马匹体力不支倒在地上的时候,一直没有开口的无忧忽然开口问:“解药呢?”
景萱扭头看他,眼中分明是有泪的,下一瞬却蓄满了笑:“忘了告诉你,无解,那包药是假的。”
无忧一直沉静的眼睛忽然就盛满风暴,捏着她的肩膀咬牙切齿:“解药呢!”
“真的无解,他该死。”
“那你呢!”
无忧目眦尽裂:“你呢!你怎么敢拿这么大的主意?谁允许你这么做的?”
景萱拉低袖子,掩住变黑的皮肤,忍着浑身刺痛笑着说:“那么你呢?谁又允许你……拿那么大的主意?你能扔下我,我凭什么……不能扔下你?”
“银月会带你去找阿爹,我们部落,就交给你了。”
无忧像是被抽空了力气,瘫坐在地上,深吸口气问:“你什么时候知道的?”
“我信你爱我,你做的事,伤了我,就一定另有理由。”
无忧眼泪还是下来了,他带着恨意推开景萱,泣声道:“谁给你的自信?我休了你,不要你了。”

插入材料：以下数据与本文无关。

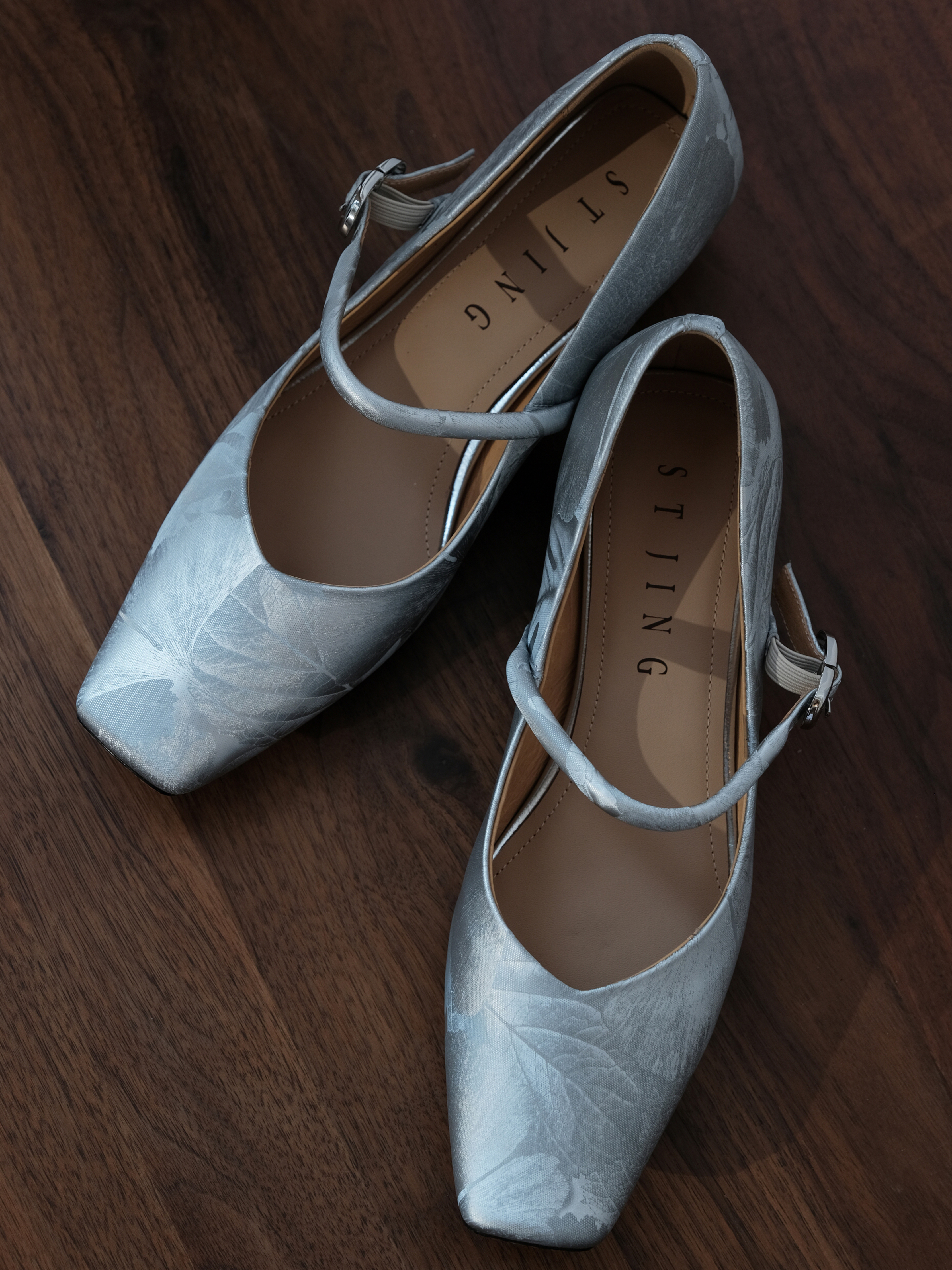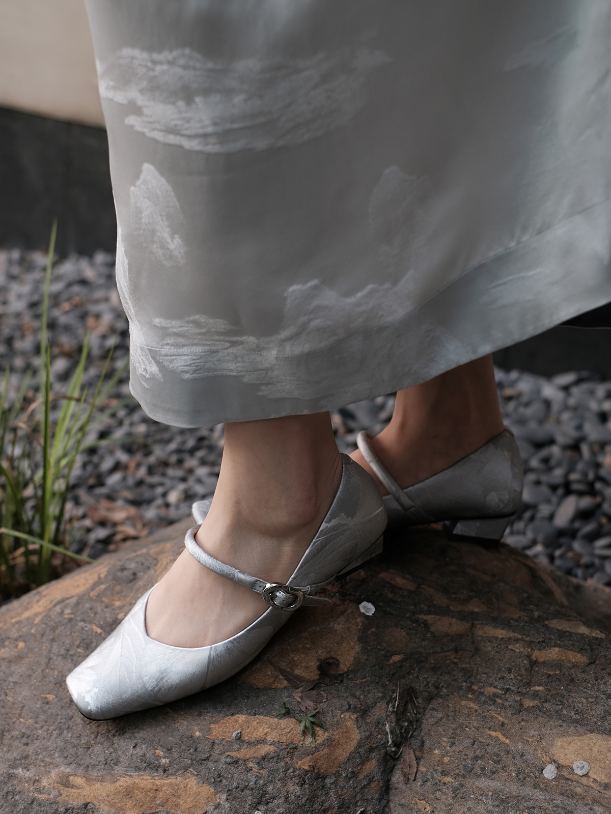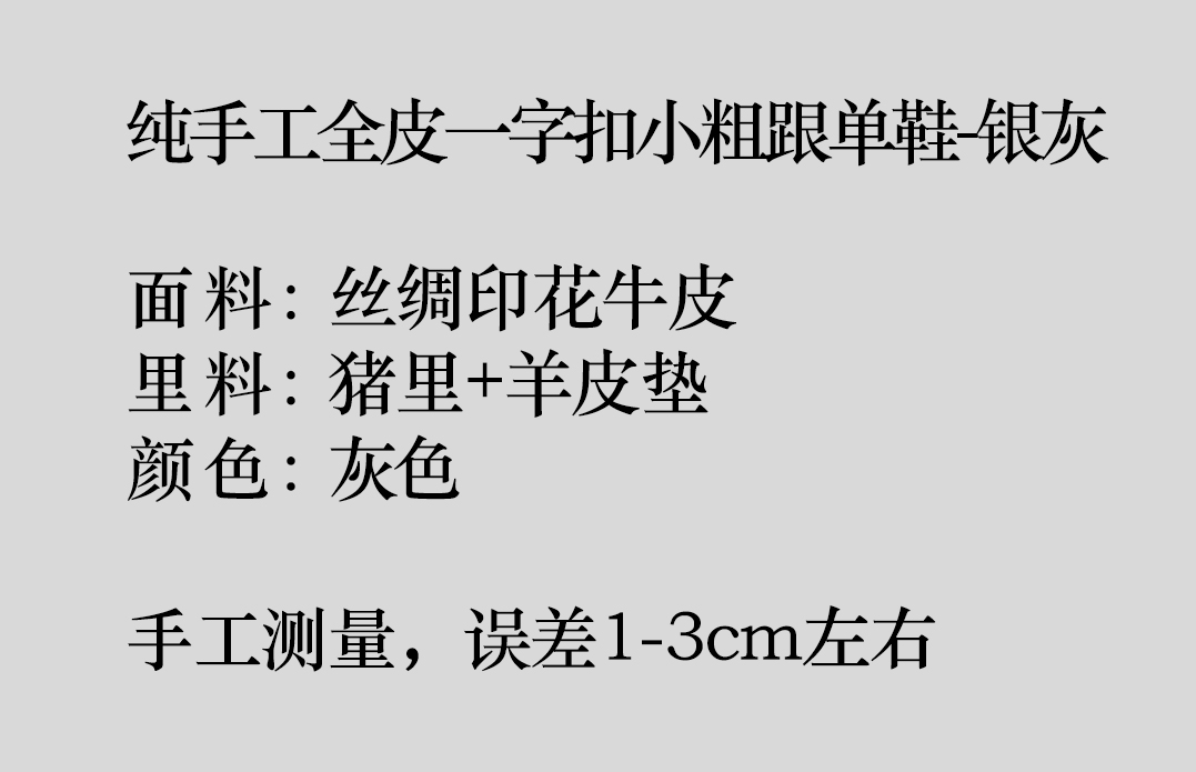 盛唐婧 |纯手工全皮一字扣小粗跟单鞋-银灰(特殊商品不退不换)

景萱忽然抬手拽住他的衣襟,笑着道:“无忧哥哥,再抱抱我吧。”
无忧看着黑色极快地从景萱昔日细瓷般的脖颈蔓延到脸上,猛地将人揉进怀里,似要揉入骨血一般用尽了力气。
“无忧哥哥,别看我,极丑的。”
话音刚落,攥着无忧衣襟的手就垂落下来,荡起无数浮尘。
他重重吻上那张已经青黑的脸,终是嚎啕出声。
他说,景萱,我的景萱。等我,生生世世,定会找到你。
皇帝动了杀心的时候无忧就已经知道了。
无萧多疑残忍,当年手足相残弑父登位,留下无忧也许就是因为他当年为了赐婚之事屡次顶撞先帝,又因自幼做人质遭先帝嫌恶,一点争夺皇位的机会都没有。
只是先帝驾崩后无忧终于还是察觉了先帝死因有异,想尽办法想带着景萱离开京城而不能得。
无萧动了杀心,他为了护住妻子,装出耽于美色的假象夜夜笙歌。
依景萱的脾气,定然会在绝望之际策马离开京城。只是他千般计划,没想到景萱进了宫,还在最后一刻用这种方法救回他一命。